Monster Plantspage 2 / 3
"I can come," Ruth said.
"Me, too," Katie told her.
Judy got up early the next morning. She took her basket -- a gift from her mother -- and went out to the wonderful garden by the bird feeder. She picked carrots and lettuce and beans, choosing the most perfect samples she could find. By lunch time, she'd made carrot sticks, and a salad.
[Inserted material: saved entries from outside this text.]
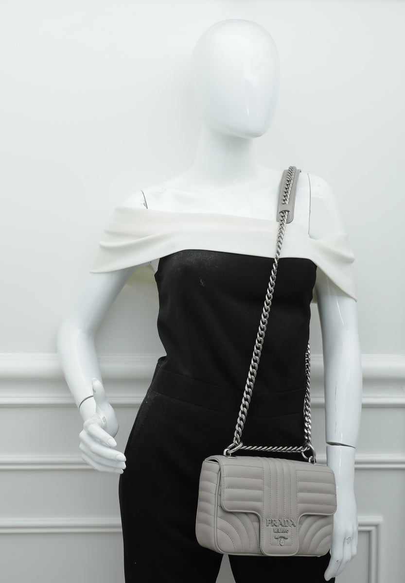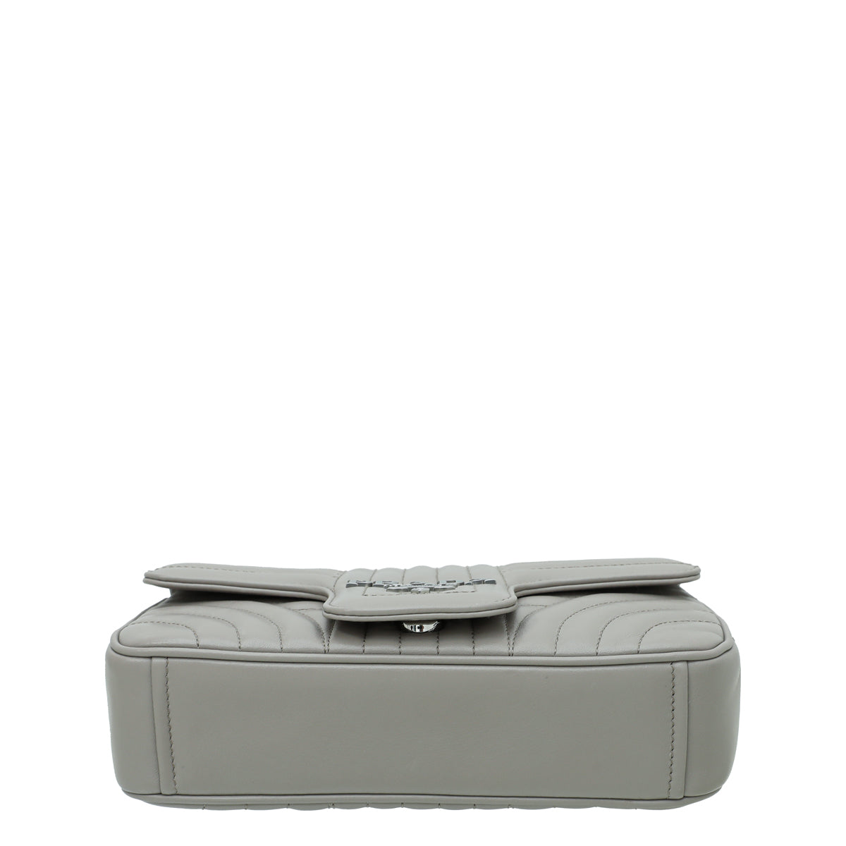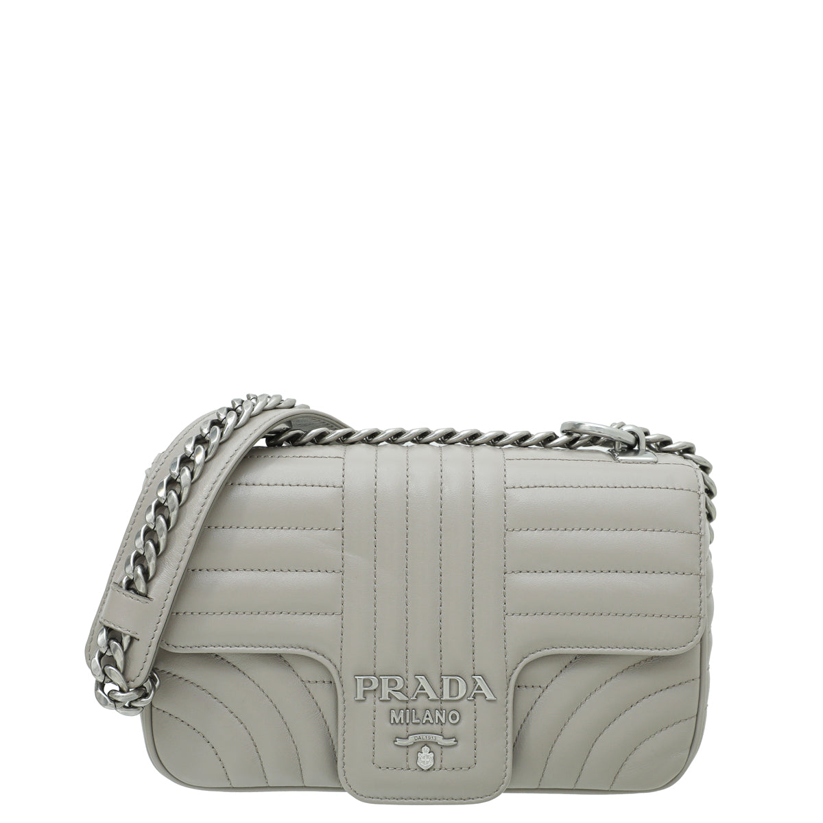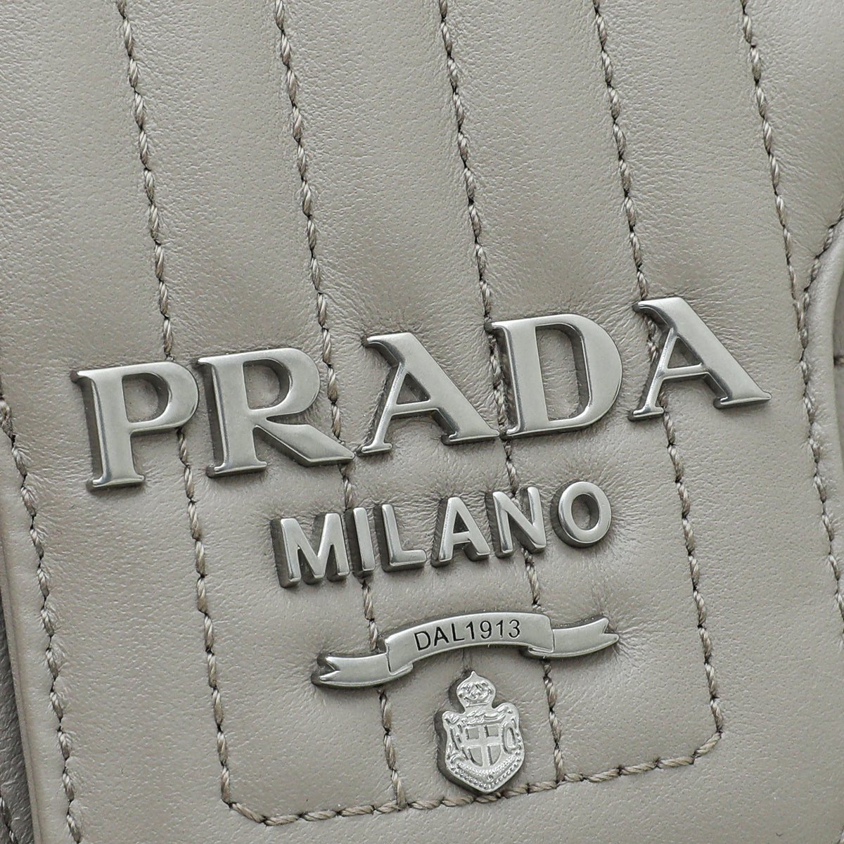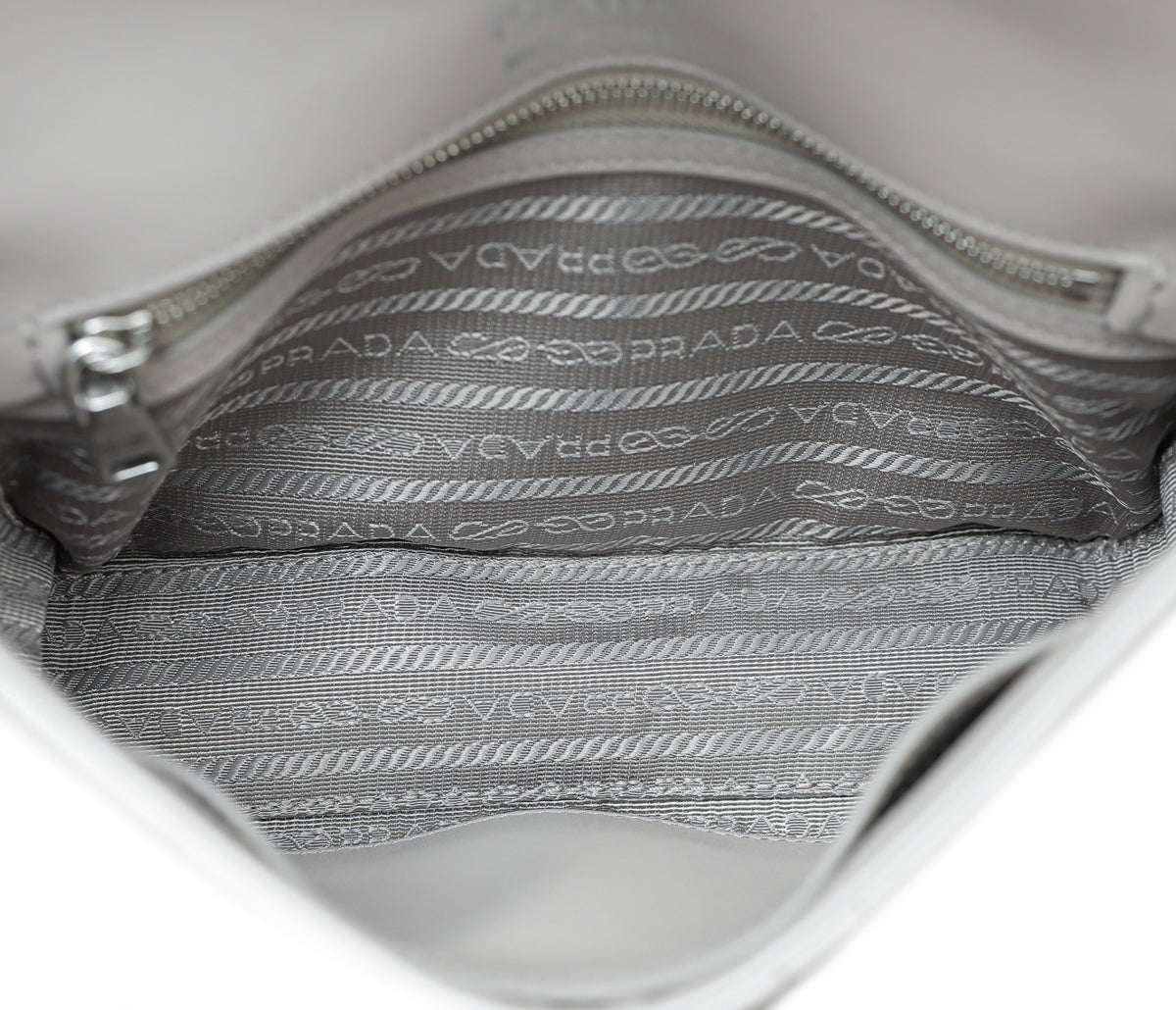 Prada Pomice Grey Impunture Diagramme Flap Bag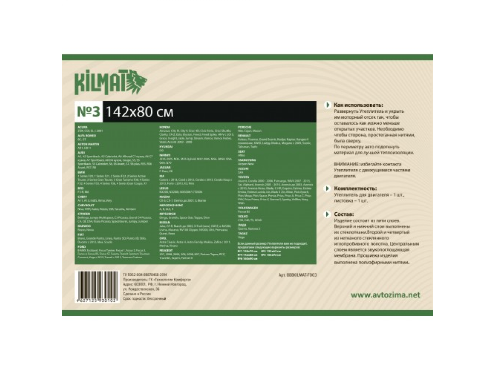 Утеплитель автомобильный KILMAT №3Утеплитель автомобильный KILMAT №3Утеплитель автомобильный KILMAT №3Утеплитель автомобильный KILMAT №3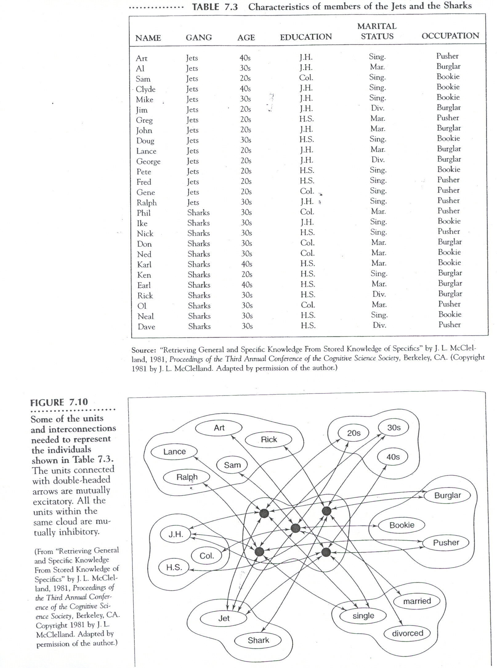 It also has the emergent property of being capable of "Spontaneous Generalization". Suppose you teach the network all of the people and their characteristcs. But suppose that there are patterns in the characteristics. Perhaps the burglars are more likely to be younger and single, whereas the bookies tend to be older and married or divorced. Now suppose you introduce a new person, but leave out the information about the "occupation". However, this new person is young and single. Now if you ask for the names of all the burglars, the name of this new person will probably become active. Or if you ask for the occupation of the new person, then probably "burglar" will become active. In other words, the network generalizes what it "knows" (young, single gang members are more likely to be burglars than bookies), to the new person, and it does it spontaneously. That is, you do not have to teach the network anything special, or build it in any special way, for this to happen.

Her mom had helped her cook the beans, and Judy had put out small dishes of creamy dip for the carrots and bottles of three different dressings for the lettuce.
"Wow," Ruth said. "This looks great."
"Thanks." Judy sat down at the table with her friends. She felt that she had passed a test. She was one of them now.
"This is a lot nicer than when creepy little Billy Mumpswagon lived here," Ruth said.
"A boy lived here before me?" Judy asked.
Katie nodded. "Yeah. He was weird. Had all kinds of pets. He had tons of fish. And you know what?"
"What?" Judy asked.
Ruth's face broke into a look of disgust. "When the fish died, he didn't flush them. He always buried them out back. Can you imagine that? He had this whole section dug up. It was filled with fish and hamsters and birds. Snakes and lizards, too. The kid was really weird. He had little tombstones all over the place. His mom made him take them down before they sold the house."
Judy paused, her fork just a tenth of an inch from impaling a piece of lettuce, and thought about the smooth, white rocks she'd cleared from the garden. "Out back?"
"Yeah, out in the corner. I think there's a bird feeder or something there." Katie picked up a carrot stick. It seemed to wriggle slightly in her hand.
Judy looked at the lettuce. It rippled at the edges, fluttering like the fins of a tropical fish.
Crunch...
She looked up and saw Katie chewing on the carrot stick. "Wow -- this is really juicy," Katie said after she'd finished chewing.